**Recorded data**
-- Opening Marker --

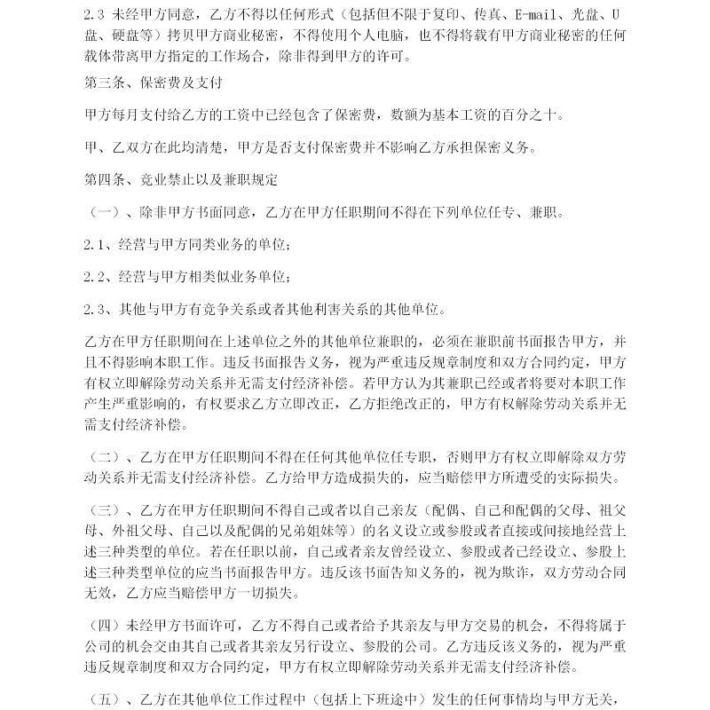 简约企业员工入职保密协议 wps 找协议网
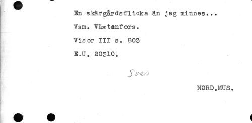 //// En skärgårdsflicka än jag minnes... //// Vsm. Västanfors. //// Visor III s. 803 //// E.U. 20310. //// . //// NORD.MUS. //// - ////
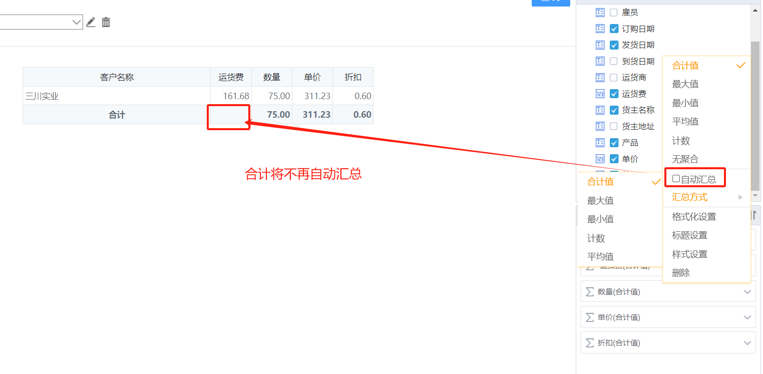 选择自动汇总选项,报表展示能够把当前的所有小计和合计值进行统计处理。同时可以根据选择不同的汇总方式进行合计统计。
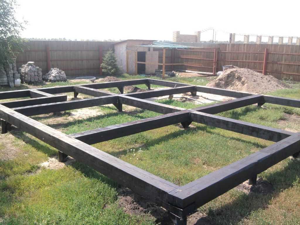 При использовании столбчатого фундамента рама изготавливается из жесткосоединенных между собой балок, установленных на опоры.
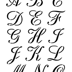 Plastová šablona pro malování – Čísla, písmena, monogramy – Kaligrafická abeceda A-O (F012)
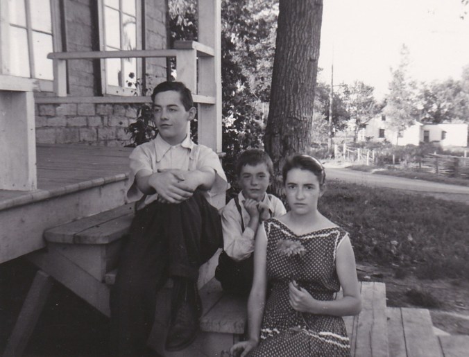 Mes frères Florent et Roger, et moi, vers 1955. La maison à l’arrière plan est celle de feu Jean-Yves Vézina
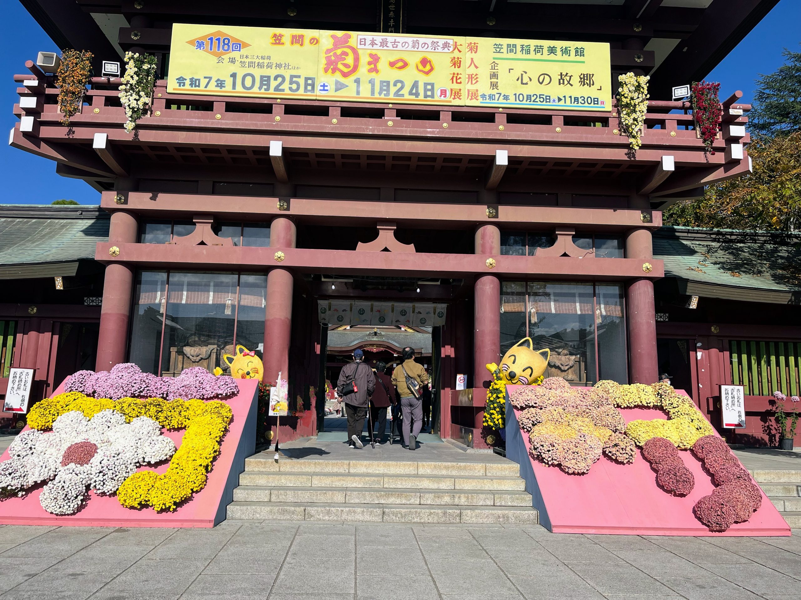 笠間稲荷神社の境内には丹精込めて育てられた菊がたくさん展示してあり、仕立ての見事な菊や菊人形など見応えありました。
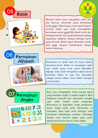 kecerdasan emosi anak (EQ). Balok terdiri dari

-- Closing Marker --

**Task to carry out**
Exactly what appears in the records above must be returned, apart from the pictures.

**Your solution**
 简约企业员工入职保密协议 wps 找协议网
 //// En skärgårdsflicka än jag minnes... //// Vsm. Västanfors. //// Visor III s. 803 //// E.U. 20310. //// . //// NORD.MUS. //// - ////
 选择自动汇总选项,报表展示能够把当前的所有小计和合计值进行统计处理。同时可以根据选择不同的汇总方式进行合计统计。
 При использовании столбчатого фундамента рама изготавливается из жесткосоединенных между собой балок, установленных на опоры.
 Plastová šablona pro malování – Čísla, písmena, monogramy – Kaligrafická abeceda A-O (F012)
 Mes frères Florent et Roger, et moi, vers 1955. La maison à l’arrière plan est celle de feu Jean-Yves Vézina
 笠間稲荷神社の境内には丹精込めて育てられた菊がたくさん展示してあり、仕立ての見事な菊や菊人形など見応えありました。
 kecerdasan emosi anak (EQ). Balok terdiri dari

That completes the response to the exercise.